Your iPhone is under threat as Apple rushes emergency update; here’s what you need to do to stay safe

Apple has rushed out an emergency security update for iPhones, iPads, and Macs after discovering a serious software flaw that hackers were already using in what the company described as “extremely sophisticated attacks” on targeted individuals.

The patch, released Wednesday(August 20), fixes a zero-day vulnerability in Apple’s ImageIO framework, the system that processes image files across its devices. The flaw could allow a malicious image file to corrupt memory and potentially give attackers control of the device.

Apple said that the flaw impacts the processing of an image file, which “may result in memory corruption,” according to the notice.


“Apple is aware of a report that this issue may have been exploited in an extremely sophisticated attack against specific targeted individuals,” the Cupertino, California-based tech giant added.
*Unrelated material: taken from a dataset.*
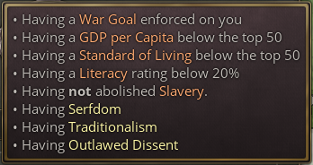 If a movement involving the Rural Folk becomes revolutionary, the Journal Entry will fail, and massively escalate both the radicalism of the movement and the progress of the revolution. What would formerly have been mere civil unrest will transform into a near-guaranteed civil war–one which could run the risk of a foreign intervention which would be disastrous for Korea.

It did not provide any details about who might have been targeted.

A blog post from the MalwareBytes antivirus and security company on Thursday noted that the security flaw “means that the attacker can manipulate parts of the device’s memory that should be out of their reach.”

Who is affected

The updates apply to a wide range of Apple devices, including:

• iPhone XS and later models
  
• iPad Pro (11-inch, 1st generation and newer; 12.9-inch, 3rd generation and newer; 13-inch), iPad Air (3rd generation and later), iPad (7th generation and later), and iPad mini (5th generation and later)
  
• Macs running macOS Sequoia, Sonoma, and Ventura
  

Users should install iOS 18.6.2, iPadOS 18.6.2 (or 17.7.10 for older devices), and macOS Sequoia 15.6.1 (with updates also available for Sonoma and Ventura).

Why it matters

Apple confirmed that the flaw had been exploited “in extremely sophisticated attacks against specific targeted individuals”.

Apple’s response

Apple said it addressed the flaw by improving memory bounds checking in ImageIO and reiterated its long-standing policy of withholding technical details until most users have patched their devices.

This is at least the seventh actively exploited zero-day Apple has patched in 2025, according to cybersecurity tracking site The Hacker News. Earlier fixes this year targeted flaws in Safari, WebKit, and the iOS kernel.

What should users do?

Apple is urging all users to install the latest updates immediately:

• On iPhone/iPad: Settings → General → Software Update
  
• On Mac: Apple menu → System Settings → General → Software Update
  

Security analysts say that while the current attacks appear to be narrowly targeted, the same exploit could be repurposed for wider use if left unpatched.

The emergency update comes just weeks before Apple’s annual September event, where the company is expected to unveil new iPhones and software features. Apple announced earlier this year that its mobile operating system will now be branded by year, meaning this fall’s release will be iOS 2026, instead of iOS 19.